God had not made me to be tall and thin. I had made peace with the height part, now it was time to make peace with being thin. God had built me for comfort, not speed.
With that, I made a promise to be kinder to myself. I got rid of my scales and no longer judged each day by how much I weighed. I realized I had treated myself poorly for a long time. The golden rule says, “Treat others as you would like to be treated.” I decided to start treating myself as I would like others to treat me.
And I reasoned further: Why would anyone treat me well, if I wasn’t good to myself? I began treating myself to good shoes, decent face cream and especially good food.
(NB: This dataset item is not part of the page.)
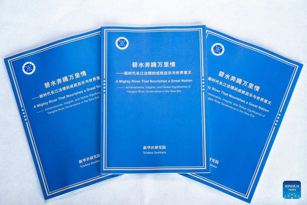 This photo shows copies of the think tank report "A Mighty River That Nourishes a Great Nation -- Achievements, Insights, and Global Significance of Yangtze River Governance in the New Era." The report was released Friday by Xinhua Institute, a think tank affiliated with Xinhua News Agency, at the ongoing 2025 Great Rivers Forum in Wuhan, central China's Hubei Province. (Xinhua/Wu Zhizun)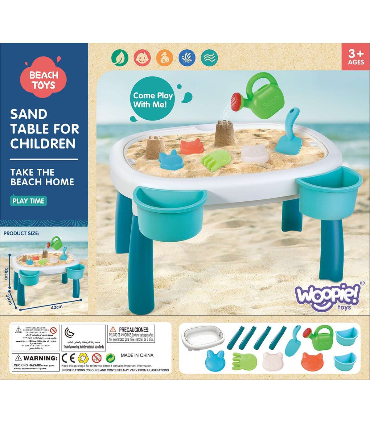 WOOPIE Водный столик 2 в 1 Песочница, 7 предметов.

I realized I deserved the best food I could afford to buy. No more burnt toast or questionable leftovers in the fridge. These were the beginnings of treating myself well.
I learned to treat my body like it was part of me, instead of something outside of me. I learned to ask my body what it wanted to eat, rather than thrust upon it what the latest diet guru said was good for me. This way I could truly enjoy every bite and I didn’t need as much. When I ate consciously I could tell when I was full and I stopped. It felt so much better than stuffing myself mindlessly. I asked my body what it wanted for exercise , a walk, yoga? Slowly I began to really love my body, fluffy as it was.
Part of learning to love myself was forgiving myself for all my perceived wrong doings. I had set such high standards in my quest to be perfect and try to control everything. No human could accomplish the impossible goals I had set.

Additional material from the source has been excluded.